Dr. Doris Mott’s diaper needs changing. Letizia can smell the too-human funk when she comes in, heavy plastic bags sunk into her forearms and drizzle beading her hair. She doesn’t like to leave Doris alone, but they were out of sweet potatoes and milk. Also, dark chocolate, the kind with almonds and chunks of salt buried in it. You can parcel out time with chocolate.
  Doris makes her query sound, and Letizia hoists the groceries so the elderly scientist can see. “Sweet potatoes, Mami.” She will roast them for dinner with the chicken, but first, diapers.

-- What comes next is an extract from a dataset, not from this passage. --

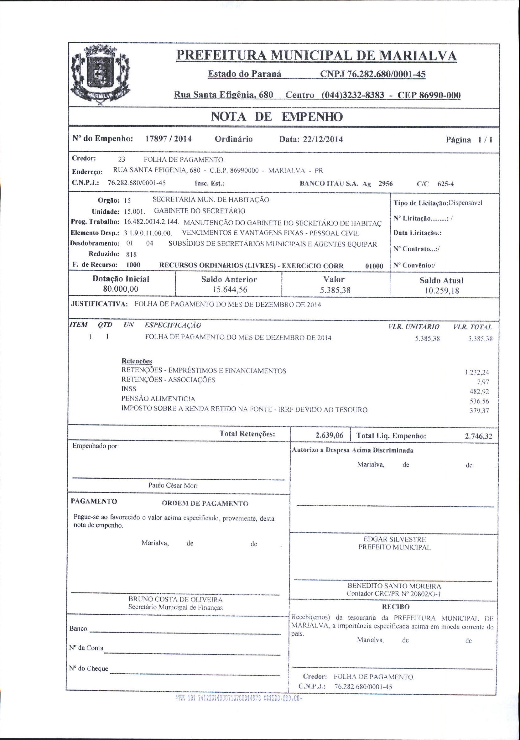 Index of /2014/DEZEMBRO/BALANCETE DEZEMBRO 2014/FOLHA DE PAGAMENTO/17897-2014
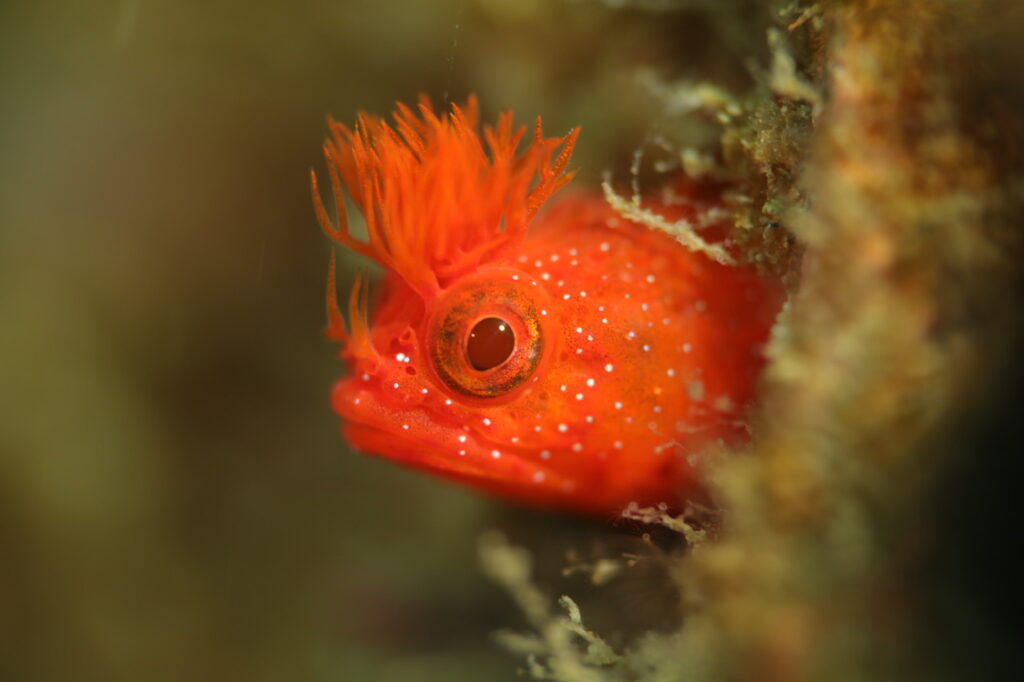 海は海藻の森やダンゴウオを楽しめる、まだあまり知られていない地のダイビングを楽しみます。

  Adult diapers come in briefs, but the ones that tape on the sides are easier. Letizia lifts Doris to slide a towel underneath, heaving like her friend still weighs something. Doris is a cardboard cutout of her former self, the hardy geologist who spent her life reading ice core samples, who liked to remind Letizia that No was a complete sentence. You don’t need to keep explaining yourself to Percy, kiddo, Doris would say, as divorce became the inevitable outcome of Letizia’s brief but turbulent union with her son. My son can’t hear you unless you’re saying something he wants to hear. Save your goddamned breath.

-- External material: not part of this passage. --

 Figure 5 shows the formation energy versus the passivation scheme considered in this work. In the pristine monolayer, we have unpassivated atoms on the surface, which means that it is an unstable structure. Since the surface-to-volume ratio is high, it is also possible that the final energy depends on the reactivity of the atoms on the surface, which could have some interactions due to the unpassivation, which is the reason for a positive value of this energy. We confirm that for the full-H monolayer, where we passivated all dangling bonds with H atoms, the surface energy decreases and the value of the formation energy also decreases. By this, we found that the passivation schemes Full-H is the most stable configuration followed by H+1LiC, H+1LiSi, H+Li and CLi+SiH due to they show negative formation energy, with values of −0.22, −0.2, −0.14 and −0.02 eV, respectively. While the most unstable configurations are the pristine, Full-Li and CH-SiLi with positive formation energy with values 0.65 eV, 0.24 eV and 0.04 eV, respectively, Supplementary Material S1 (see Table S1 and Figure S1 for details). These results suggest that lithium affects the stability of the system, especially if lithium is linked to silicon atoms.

  Now Doris is a bright-eyed hull, non-verbal, light as an empty suitcase, and still Percy is afraid of her. Maybe that’s why, after Percy and Letizia finished arbitration (a word that sounded like a grove where you might have a picnic, not fistfuls of hair and toppled furniture and graphic accusations and, finally, a neighbor’s well-intentioned call to the police that bore out in a long, bothersome inquiry of her green-card status), Letizia accepted his mother’s offer of a spare bedroom in her big house. They had always liked each other. Letizia, who had managed emigration from Bolivia to the United States in a single burst of initiative in her twenties and then run out of ideas; and Doris, who had put herself through school as a roofer and metal worker and who shook her head at her own children’s lack of grit. In Letizia, she thought she had found a kindred spirit. Doris executed ungenerous but not inaccurate impressions of Percy and Hazel and Lon, lampooning their complaints—first-world problems, Doris called them, even pettier in comparison to her assumptions about Letizia’s childhood, and Letizia laughed, too flattered to correct her.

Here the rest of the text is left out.